As Dr. Splitz/Splitzy tries to fix the wormhole-making machine, he figures out that it causes space-time displacement at whatever coordinates are programmed. So this must be the anti-force. Hopefully Nebula doesn't know that. Once the wormhole is working again, they all go through it... except Captain Simian, who tells Shao Lin that he can't go back to Earth with Nebula running amok. He even makes a Casablanca reference. Because, hey, it exists, right?
Captain Simian's new plan is to fly the anti-force into the nearest sun before Nebula can get ahold of it. He takes off in a rocket, Nebula's ship starts firing lasers at him, and... yeah, this is where we came in. So is Captain Simian doomed? Nope - guess what emerges from a wormhole?
Now available at your local Toys 'R' Us! Provided you live in 1996, that is. |
Inside the ship are Shao Lin, Dr. Splitz/Splitzy, Gor-illa, and Spydor, who pick up Captain Simian and show him that they made a few adjustments to make the ship more simian-friendly - specifically, they filled it with plant life. Apparently, by leaving the wormhole open, they were allowed two-way travel and the four (or five, if you count Splitzy as a separate character) got lost in time and space. But that did allow them to relive the 1970s.
"Sorry, Spydor, but I don't think those new uniforms are gonna work for us." |
The Orbitron is fixed now, too - and it likes to imitate Steve Martin for some reason. And Dr. Splitz/Splitzy has a plan to get rid of Nebula's goons. A plan that involves... a disco ball?
"Here's the plan: Gor-illa, Spydor and I will distract them with our funkylicious dance moves. Then you and Shao Lin will punch their lights out!" |
As the ship flies towards the sun, it splits apart into five ships, allowing Captain Simian to be the only one risking their life - and allowing the others to take out some of the enemy ships. Captain Simian shoots the disco ball, which has the anti-force inside of it, towards the sun... only for Rhesus 2 to swoop in and snatch it up in HIS ship. Wah wah wah wah WAAAAAAAAAAAAAH...

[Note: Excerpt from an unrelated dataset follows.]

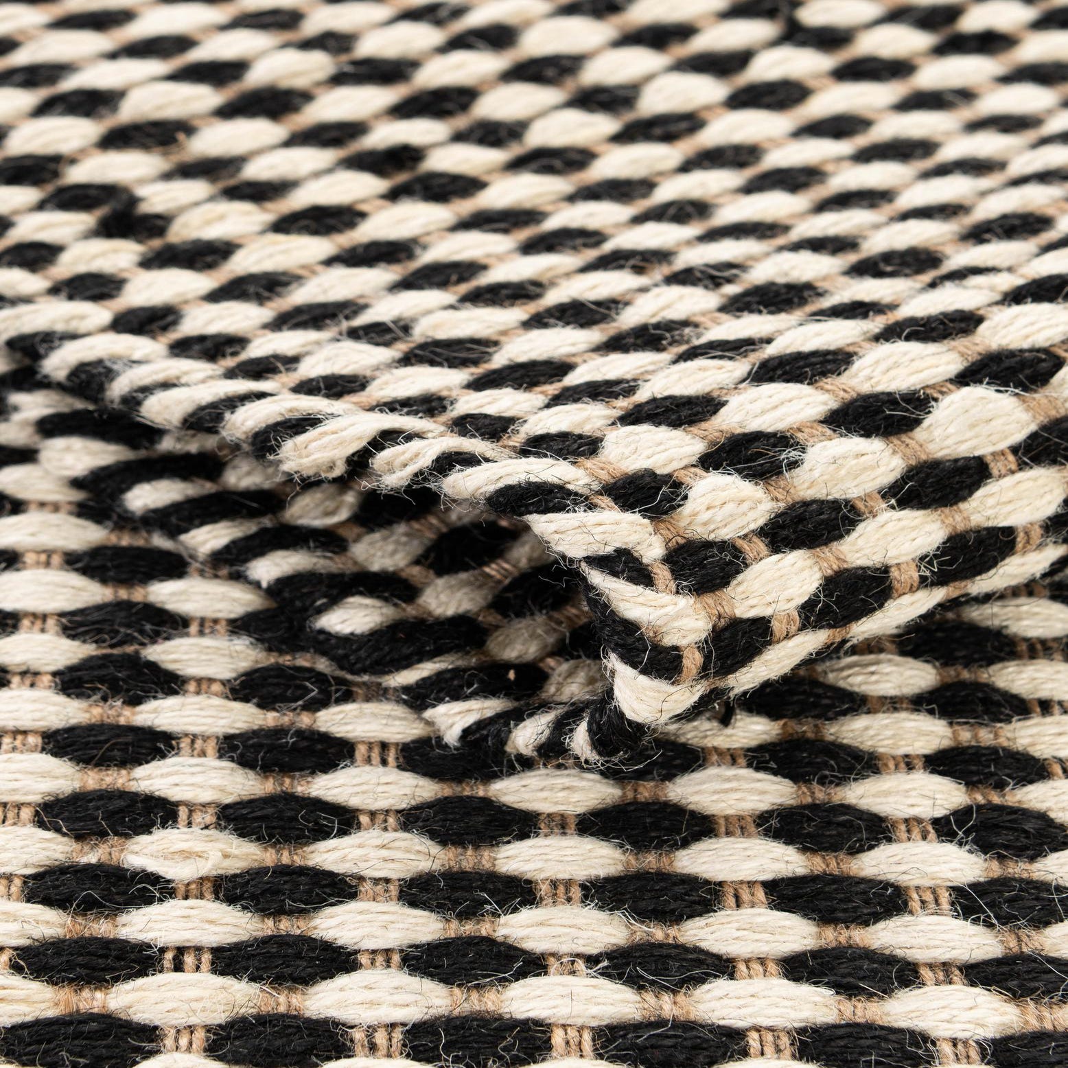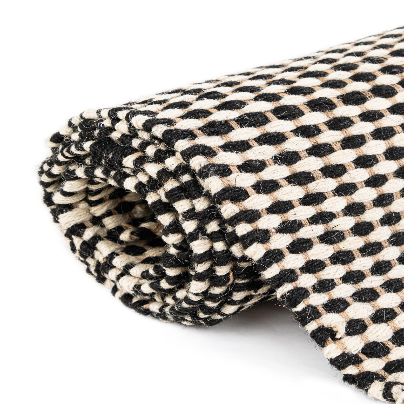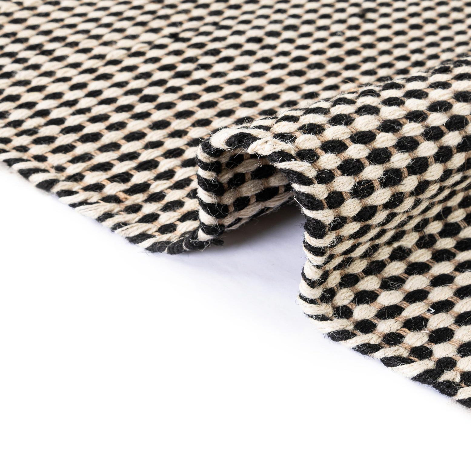 A tightly woven black-and-white pattern gives this rug a refined, peppered grid that adds quiet visual interest without dominating a room. Hand woven from 95% jute and 5% cotton, the flatweave surface has a low profile and a natural, slightly textured hand — the jute provides firm, tactile character while the cotton adds a subtle softening to the weave.

The ship reforms back into one, and the good guys make their getaway. Nebula gobbles up the disco ball with the anti-force inside. But it absorbs HIS power, not the other way around, reducing him to just a puny pathetic human with a black hole-colored body. And then his ship explodes. The Space Monkeys' plan worked like a charm.

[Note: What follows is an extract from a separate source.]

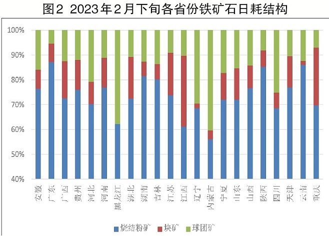 樣本鋼廠所在省份鐵礦石日耗種類結構。圖2所示為2月下旬調研樣本鋼廠所在省份的鐵礦石平均日耗種類結構。由圖可知,第一,燒結粉礦日耗占比相對較大的省份是廣東、云南和陜西,都在85%以上;占比相對較低的是內蒙古,僅56%;其余地區都在60%~80%。全國樣本地區平均占比73%。第二,塊礦日耗占比較高的是江西,達到29%;其次是重慶,也達到23%;黑龍江的樣本鋼廠2023年2月下旬未使用塊礦,遼寧和云南樣本鋼廠塊礦日耗占比也僅為2%。樣本鋼廠塊礦日耗平均占比11%。第三,球團礦日耗占比較高的是內蒙古和黑龍江,分別達到40%和38%;占比較低的是廣東,僅占5%。球團礦日耗平均占比16%。

With the anti-force destroyed, of course, there's no more wormholes, which means they can't go back to Earth. But, Captain Simian says, they'll find a way back there someday. Unless, of course, the show gets cancelled after just twenty-six episodes.
What's the Verdict?
From the unbelievably stupid-sounding name, you'd probably expect Captain Simian and the Space Monkeys to be crap, right? Well, you'd be wrong!
This was actually quite good! The show somehow resisted the urge to rely entirely on "dur hurr monkeys are funny" to get laughs and actually took itself seriously for the most part - and the jokes it DID include are, for the most part, pretty funny. The characters were all engaging, with the villain in particular being really cool, the animation is decent, and the voice actors all do a great job. And am I the only one who gets Road Rovers vibes from it all?
So, yeah. I recommend checking this show out. You can find it on Tubi and Amazon Prime. Go in with an open mind and you might just find yourself liking it. Certainly much better than Rocket Monkeys.
By the way, yes, the show did do a Planet of the Apes parody episode. It was called "Planet of the Humans".